(Records from a collection)

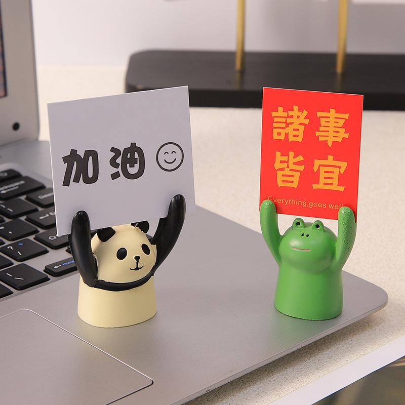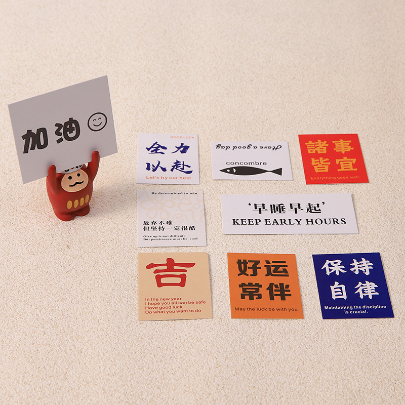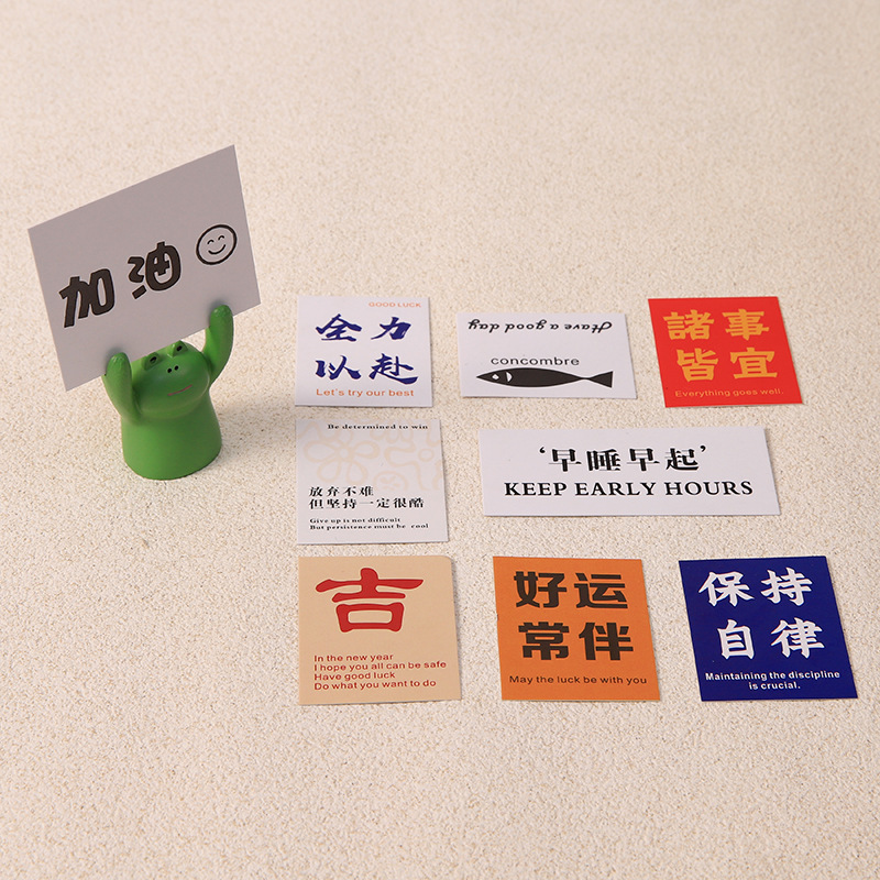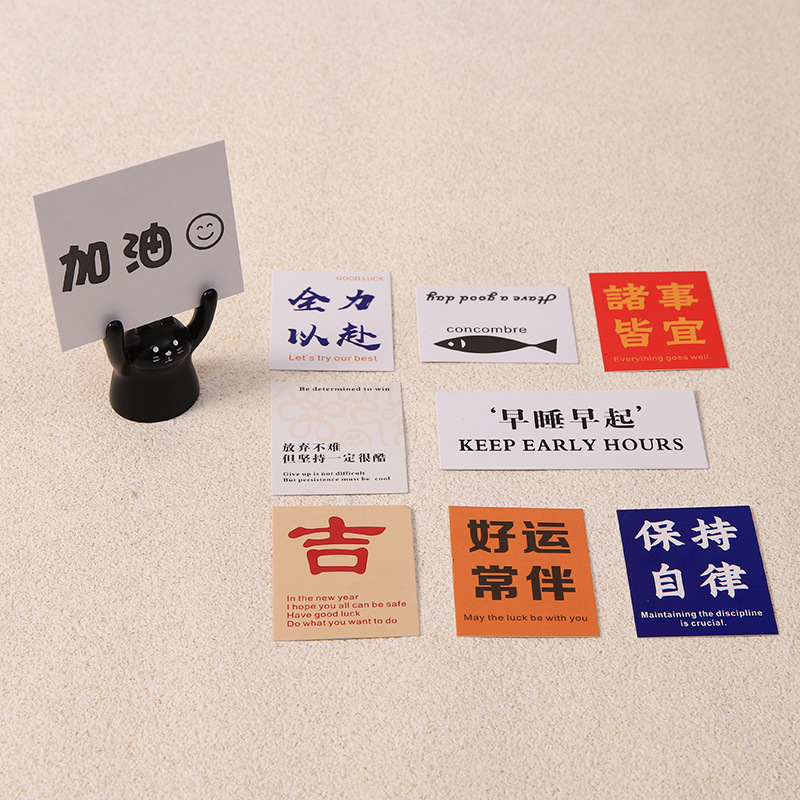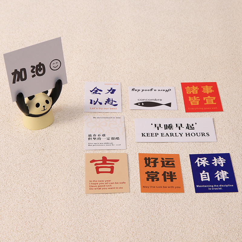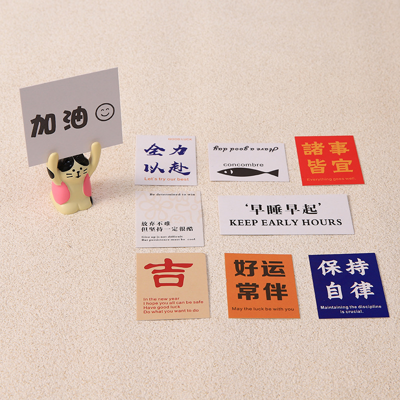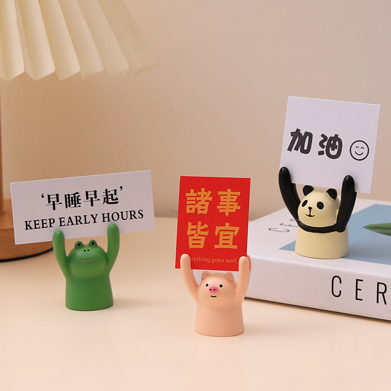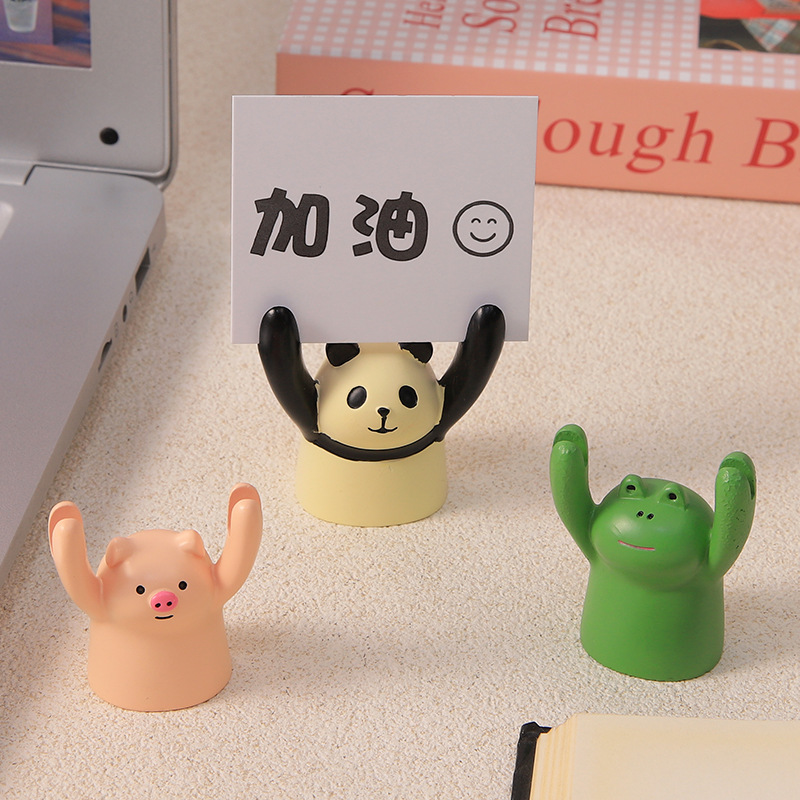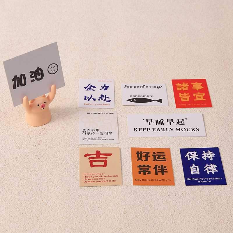 举手小猪励志加油祝福语小卡片留言夹立式举牌小动物桌面装饰摆件
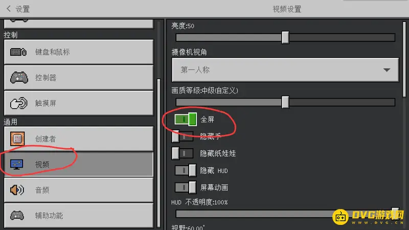 2,然后点击左侧的视频,开启右侧的全屏按钮就可以开启全屏无边框了。
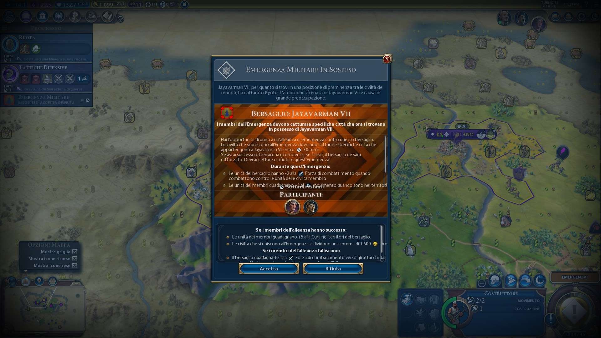Ultime, ma non meno importanti, sono le Emergenze: nel caso uno dei giocatori cominci a compiere azioni eccessivamente aggressive come, ad esempio: conquistare capitali di altri imperi, convertire città sante, sganciare bombe atomiche a tradimento (salve, Signor Gandhi) il gioco proporrà a tutte le altre civiltà una missione a tempo la quale, se portata a termine con successo, garantisce a chiunque partecipi un’enorme ricompensa (Fede, Scienza od Oro a palate, ad esempio) con un “piccolo insignificante” caveat: in caso di fallimento, chi subisce l’emergenza si prende un malloppo tanto grande quanto quello promesso a chi la affronta.
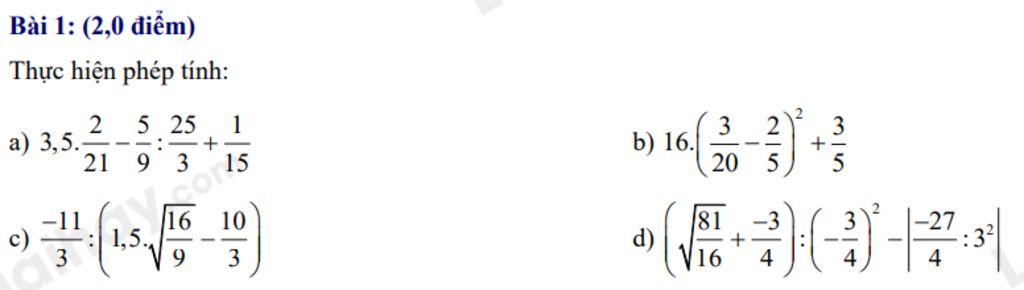 `d . ` `(\sqrt{81/16}+(-3)/4):(-3/4)^2-|(-27)/4:3^2|`
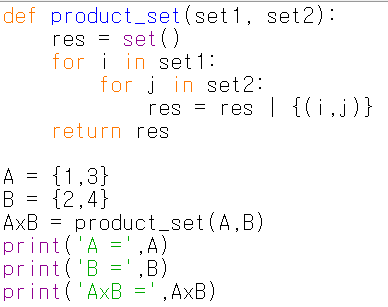 이 집합에는 (i, j) 라는 두개의 요소를 가진 튜플들이 채워지게 되며, i와 j는 인자로 주어진 집합 set1과 set2에서 하나씩 얻어온다. 따라서 이 함수는 두 집합의 요소를 하나씩 취해 만들 수 있는 모든 튜플을 생성하여 이를 원소로 하는 집합을 생성하여 반환한다. 이것은 두 집합의 곱집합이 된다.
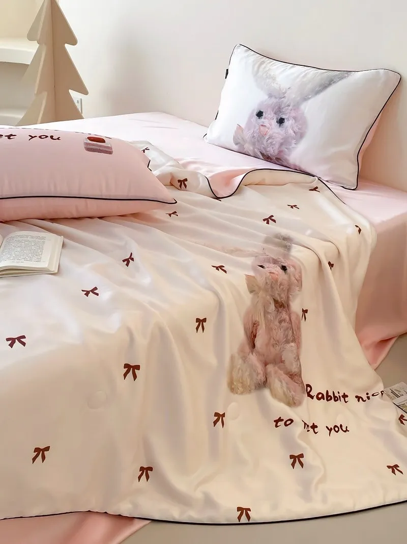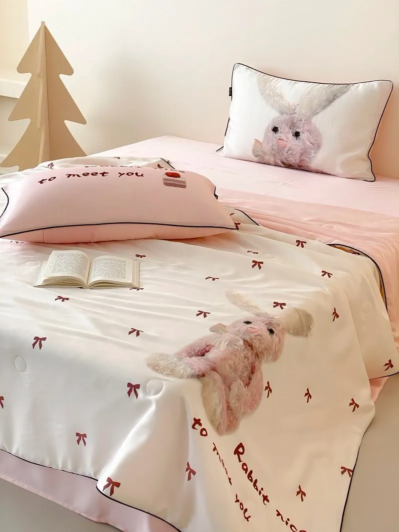 預購-熊熊兔兔天絲80支「涼被」四件套組
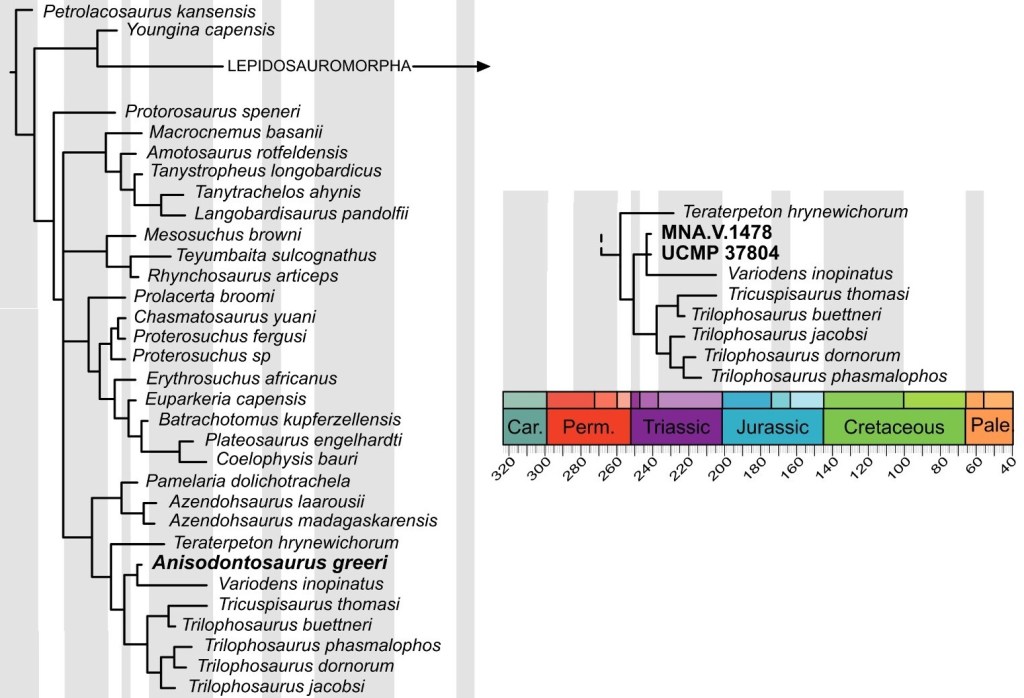 Références : Foffa, D.; Nesbitt, S.J.; Kligman, B.T.; Butler, R.J.; Stocker, M.R., 2023, New specimen and redescription of Anisodontosaurus greeri (Moenkopi Formation: Middle Triassic) and the spatiotemporal origins of Trilophosauridae. Journal of Vertebrate Paleontology.

### What you should do:
If an entry holds a picture, leave the picture out and repeat the rest exactly.

### Answer:
 举手小猪励志加油祝福语小卡片留言夹立式举牌小动物桌面装饰摆件
 2,然后点击左侧的视频,开启右侧的全屏按钮就可以开启全屏无边框了。
Ultime, ma non meno importanti, sono le Emergenze: nel caso uno dei giocatori cominci a compiere azioni eccessivamente aggressive come, ad esempio: conquistare capitali di altri imperi, convertire città sante, sganciare bombe atomiche a tradimento (salve, Signor Gandhi) il gioco proporrà a tutte le altre civiltà una missione a tempo la quale, se portata a termine con successo, garantisce a chiunque partecipi un’enorme ricompensa (Fede, Scienza od Oro a palate, ad esempio) con un “piccolo insignificante” caveat: in caso di fallimento, chi subisce l’emergenza si prende un malloppo tanto grande quanto quello promesso a chi la affronta.
 `d . ` `(\sqrt{81/16}+(-3)/4):(-3/4)^2-|(-27)/4:3^2|`
 이 집합에는 (i, j) 라는 두개의 요소를 가진 튜플들이 채워지게 되며, i와 j는 인자로 주어진 집합 set1과 set2에서 하나씩 얻어온다. 따라서 이 함수는 두 집합의 요소를 하나씩 취해 만들 수 있는 모든 튜플을 생성하여 이를 원소로 하는 집합을 생성하여 반환한다. 이것은 두 집합의 곱집합이 된다.
 預購-熊熊兔兔天絲80支「涼被」四件套組
 Références : Foffa, D.; Nesbitt, S.J.; Kligman, B.T.; Butler, R.J.; Stocker, M.R., 2023, New specimen and redescription of Anisodontosaurus greeri (Moenkopi Formation: Middle Triassic) and the spatiotemporal origins of Trilophosauridae. Journal of Vertebrate Paleontology.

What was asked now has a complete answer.